At that time it had not yet been decided who would play the character of Momo. I thought, “I wonder who it’s going to be?” I was going to sing the theme song so I figured they wouldn’t let me do it. But then Takeshi said, “If Mami is going to sing the song then why not let her play the role.”
- Lately I’ve gotten a lot of narration work but if there’s a chance I’d really like to do some work in anime again. The actor’s zeal in me really wants to read aloud some lines again. Takeshi in the heavens, please guide me.
- The Time Étranger is Remy’s story. The titular robot does not appear. After the TV series, GoShogun has been presented in various other forms through novels but indeed the robot does not appear. They are stories of those five individuals. Takeshi specifically had the skill to take those characters born out of a TV series and develop them magnificently in a medium different from film or novels.
- The reception to The Time Étranger was positive so planning began for the next title. Takeshi attended the planning meeting but in the end it did not come to fruition.
Takeshi tried to convey the ideas and images that were in his head at the meeting but they were too vague and no one at the meeting could really comprehend what he was saying.
(Yuyama had also attended that planning meeting and continued this discussion about the next title (but I can’t remember exactly what he said))
- I heard the next title was going to be called Mirror’s GoShogun but this remained unwritten.
- (Continuing from Koyama’s story about the planning of The End of GoShogun)
The content of novel called The End of GoShogun is completely different from that plan.
- (Aimed towards Koyama)
Remy is kinda like Mami isn’t she.
That came to mind as I was observing her talk up close here. Like earlier when she got angry (the moment in the discussion when Koyama was talking about how Shudo changed her script completely and she called him in protest), it was so much like how Remy would get angry.
- Since Takeshi was an author with a connection to Odawara, several of Takeshi’s scripts and drafts are on public display at the Odawara Literature Museum. 
(ref. Takeshi Shudo’s box of messy documents: It’s been a while. I’ll be healthier from now on.)
He donated all of his scripts, drafts, and other work to the Odawara Library.  Anyone can see these documents if they go through the proper procedures at the facility. Although his passing was untimely, this is how Takeshi has left his work behind. Looking at it now I think it’s wonderful that he left it behind this way.
(ref. Download Catalogue of the donated documents of Mr. Takeshi Shudo)
- (Continuing from Takahashi’s story about Mirror’s GoShogun)

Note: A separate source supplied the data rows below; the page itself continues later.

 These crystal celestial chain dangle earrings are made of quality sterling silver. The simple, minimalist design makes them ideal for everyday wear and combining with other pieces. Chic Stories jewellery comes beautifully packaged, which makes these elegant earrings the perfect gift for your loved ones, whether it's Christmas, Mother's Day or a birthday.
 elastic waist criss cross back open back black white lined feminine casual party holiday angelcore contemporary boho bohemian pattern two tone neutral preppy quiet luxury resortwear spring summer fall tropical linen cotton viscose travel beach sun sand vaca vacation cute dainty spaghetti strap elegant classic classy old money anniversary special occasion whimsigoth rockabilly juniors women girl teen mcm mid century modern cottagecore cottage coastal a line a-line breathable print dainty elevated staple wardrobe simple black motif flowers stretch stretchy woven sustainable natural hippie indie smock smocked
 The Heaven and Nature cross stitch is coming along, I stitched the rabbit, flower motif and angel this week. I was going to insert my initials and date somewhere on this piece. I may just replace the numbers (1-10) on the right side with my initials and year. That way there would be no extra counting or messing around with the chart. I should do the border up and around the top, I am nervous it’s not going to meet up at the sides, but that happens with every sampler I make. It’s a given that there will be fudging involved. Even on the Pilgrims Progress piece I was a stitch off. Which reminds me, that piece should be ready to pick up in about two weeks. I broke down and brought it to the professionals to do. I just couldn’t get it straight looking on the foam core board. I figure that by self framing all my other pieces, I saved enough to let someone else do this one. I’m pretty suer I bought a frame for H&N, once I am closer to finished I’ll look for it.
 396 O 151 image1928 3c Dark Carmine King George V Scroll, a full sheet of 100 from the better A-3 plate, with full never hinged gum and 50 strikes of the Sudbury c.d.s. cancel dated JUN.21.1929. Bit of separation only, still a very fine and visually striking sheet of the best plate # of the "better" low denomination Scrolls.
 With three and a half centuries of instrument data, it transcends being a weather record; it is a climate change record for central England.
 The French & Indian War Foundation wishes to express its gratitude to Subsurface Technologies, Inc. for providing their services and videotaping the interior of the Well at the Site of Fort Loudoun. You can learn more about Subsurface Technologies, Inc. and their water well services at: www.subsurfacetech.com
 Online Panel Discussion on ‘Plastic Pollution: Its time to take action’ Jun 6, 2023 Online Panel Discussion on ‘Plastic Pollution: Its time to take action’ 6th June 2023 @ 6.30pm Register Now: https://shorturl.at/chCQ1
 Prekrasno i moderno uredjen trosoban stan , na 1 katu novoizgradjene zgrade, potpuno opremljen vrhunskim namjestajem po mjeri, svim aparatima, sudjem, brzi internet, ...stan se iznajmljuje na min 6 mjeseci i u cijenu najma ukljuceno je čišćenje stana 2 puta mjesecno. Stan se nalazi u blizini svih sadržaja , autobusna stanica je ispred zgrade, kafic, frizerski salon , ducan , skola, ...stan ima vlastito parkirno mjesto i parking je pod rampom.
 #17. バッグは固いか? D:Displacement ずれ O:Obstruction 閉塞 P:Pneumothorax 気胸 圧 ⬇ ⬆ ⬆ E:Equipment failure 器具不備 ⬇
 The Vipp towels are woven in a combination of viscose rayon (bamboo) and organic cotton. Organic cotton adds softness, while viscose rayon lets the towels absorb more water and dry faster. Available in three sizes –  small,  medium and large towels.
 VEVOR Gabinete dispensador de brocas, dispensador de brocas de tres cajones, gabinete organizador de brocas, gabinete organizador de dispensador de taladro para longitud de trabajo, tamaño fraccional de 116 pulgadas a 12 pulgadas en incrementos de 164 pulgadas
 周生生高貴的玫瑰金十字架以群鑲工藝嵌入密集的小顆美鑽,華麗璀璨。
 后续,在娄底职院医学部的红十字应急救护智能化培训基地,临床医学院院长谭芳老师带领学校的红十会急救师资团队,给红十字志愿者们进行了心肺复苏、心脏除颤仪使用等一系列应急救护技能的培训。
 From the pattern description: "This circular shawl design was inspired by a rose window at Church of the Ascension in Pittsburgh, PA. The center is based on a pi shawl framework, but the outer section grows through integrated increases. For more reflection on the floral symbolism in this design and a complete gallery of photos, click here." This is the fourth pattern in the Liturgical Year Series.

It was decided that it was going to be announced at Anime Style.  The project had reached the point where the plot had been completed.
I asked Takeshi, “so how is the project going?”
He replied along the lines of “some work suddenly came up….” many times and the project remained stagnant.
- Precisely a month before he passed away, an all-night event just like this one was hosted at this same venue Bungeiza. Takeshi had come to this event.
(Shin Bungeiza Anime Style Selection Vol 11 Mai Mai Miracle and Sunao Katabuchi’s Footprints 2010/09/25)
From the stage I caught glimpses of a face that looked just like Takeshi’s but the complexion looked off so I thought it I was probably mistaken. During the break, I went outside and he waved at me. I thought “ah-ha, it was Takeshi after all.” He went “shhh” (he made the gesture of putting his index finger to his mouth).
I realized that he wanted me to keep this a secret so I kept it that way, and called him the next day.
He said, “I was interested in director Katabuchi so I went.” Just when I thought “well if he’s healthy enough to come to the all night event then that’s a relief” . . .
At the end, Hiroshi Watanabe got up from the attendee seats and was called up to the to the stage (“I’ve been invited to the hotel conference too!” He got on the stage with a smile). A fierce rock-paper-scissors tournament occurred for an EP record of the Minky Momo theme song and a CD, both signed by Koyama. It ended with these presents being given to three people. Then we had an intermission before the screening of the four films.
In the passageways there were original manuscripts and related signed articles on display.
There were also posters on which the guests signed and left a message.
Attendees were also allowed to write a message if they wanted.
So I also left a message.
(After the event I heard this poster was sent to his family)
There was also this!!
Oh ☆! This must be from the author of the Unaired Baldios Manga, Ryuuhi Misaki. 
Baldios stories haven’t really (or rather, have barely) come out but Shudo’s accomplishments in Baldios were great.
And like this, I’ve now reached the second time I’ve written about a memorial event since Haneda’s passing in 2007.  I shuddered at the thought of how many more times I might do something like this.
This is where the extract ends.